The Court rejected as pretext the company’s reason for the Tulsa plant closure. The Court’s rejection was based primarily on four pieces of evidence. First, the company’s director of pension, savings, and payrolls testified that he was involved in a project that included projecting the effect on costs and savings if the company decided to reduce staff levels. Second, an outside consultant for the company wrote a memo (which was circulated through the company) stating that a layoff at a plant with an older population of employees would result in corporate pension savings; the Court found that that Tulsa plant met this profile. Third, the company failed to timely report the pension funds it saved by closing this plant, as required by federal regulations. Finally, the Court noted that the Company misled union and political officials in Oklahoma regarding the effect of the pending approval of a government contract on the survival of the plant.

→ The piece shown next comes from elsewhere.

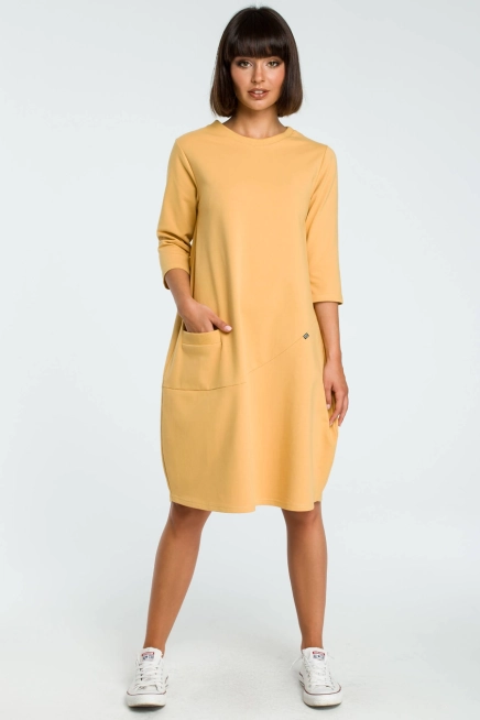 Sukienka dresowa bombka oversize z kieszonką z przodu żółta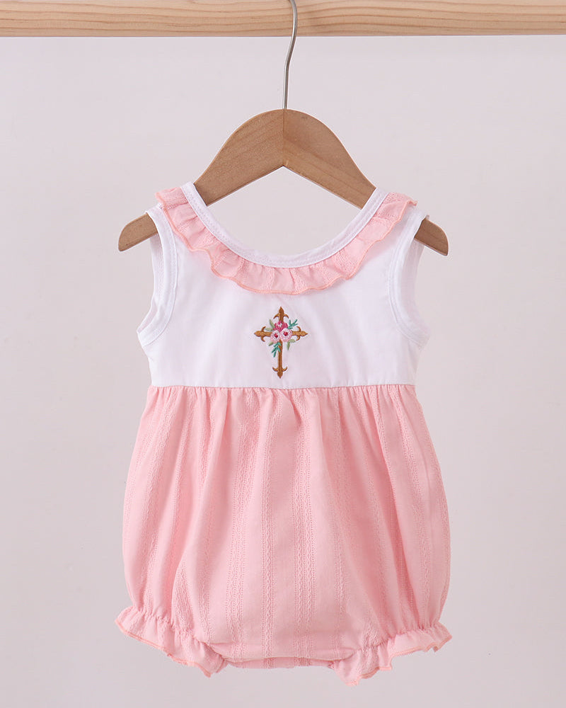 The Easter Morning Cross Jacquard Girl Bubble is a precious faith-inspired outfit designed especially for baby girls. This timeless bubble romper features a soft white bodice with a beautifully embroidered floral cross, symbolizing the joy and meaning of Easter.

Although noting that the Court usually gives great deference to business decisions, the Court found that McDonnell Douglas was motivated, at least in part, by a desire to reduce ERISA protected benefits. It is expected that the Company and its successor will appeal this ruling, since it appears to support the proposition that an employer cannot consider pension and benefit savings in a decision to close a facility. In a market where companies are attempting to increase net profits by cutting payroll and benefit expenses, among others, this case bears watching.

Millsap v McDonnell Douglas Corp., N.D. Okla., No. 94-C-633-H, 9/5/01.